I am mentioning only SOME of the questions that I have referred before posting this question (I currently don't have links to all of those questions that I had referred to, before posting this question)-:
I am able to run this code completely, if I don't pass the arguments and ask for an input from the user from the BBSpider Class (without the main function - ust below the name="dmoz" line), or provide them as pre-defined (i.e, static) arguments.
My code is here.
I am basically trying to execute a Scrapy spider from a Python Script without the requirement of any additional files (even the Settings File). That is why, I have specified the settings also inside the code itself.

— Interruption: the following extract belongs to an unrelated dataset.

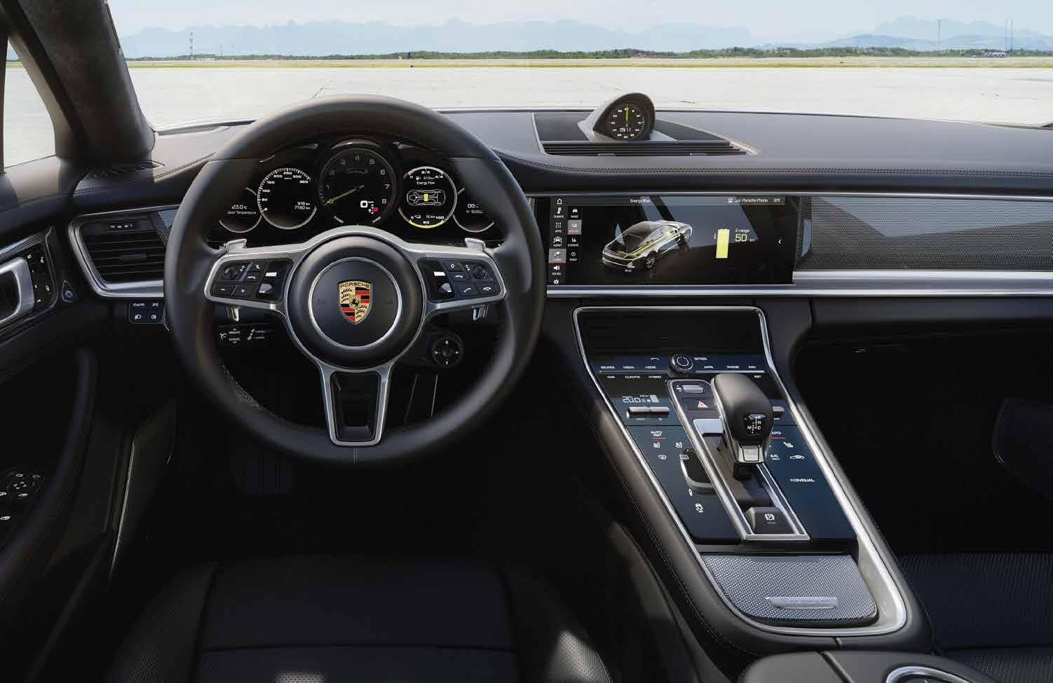 De nieuwe Panamera 4 E-Hybrid maakt gebruik van een compleet nieuw display- en bedieningsconcept: de Porsche Advanced Cockpit met aanrakingsgevoelige panelen en individueel instelbare displays. Twee 7-inch uitvoeringen aan weerszijden van de analoge toerenteller vormen de interactieve cockpit. In tegenstelling tot de andere modellen heeft de Panamera 4 E-Hybrid een power-meter die het functioneren van het hybridesysteem zichtbaar maakt, zoals de hoeveelheid actueel gebruikte elektrische energie en de

This is the output that I am getting on executing this script-:
http://bigbasket.com/ps/?q=apple
2015-06-26 12:12:34 [scrapy] INFO: Scrapy 1.0.0 started (bot: scrapybot)
2015-06-26 12:12:34 [scrapy] INFO: Optional features available: ssl, http11
2015-06-26 12:12:34 [scrapy] INFO: Overridden settings: {}
2015-06-26 12:12:35 [scrapy] INFO: Enabled extensions: CloseSpider, TelnetConsole, LogStats, CoreStats, SpiderState
None
2015-06-26 12:12:35 [scrapy] INFO: Enabled downloader middlewares: HttpAuthMiddleware, DownloadTimeoutMiddleware, UserAgentMiddleware, RetryMiddleware, DefaultHeadersMiddleware, MetaRefreshMiddleware, HttpCompressionMiddleware, RedirectMiddleware, CookiesMiddleware, ChunkedTransferMiddleware, DownloaderStats
2015-06-26 12:12:35 [scrapy] INFO: Enabled spider middlewares: HttpErrorMiddleware, OffsiteMiddleware, RefererMiddleware, UrlLengthMiddleware, DepthMiddleware
2015-06-26 12:12:35 [scrapy] INFO: Enabled item pipelines:
2015-06-26 12:12:35 [scrapy] INFO: Spider opened
2015-06-26 12:12:35 [scrapy] INFO: Crawled 0 pages (at 0 pages/min), scraped 0 items (at 0 items/min)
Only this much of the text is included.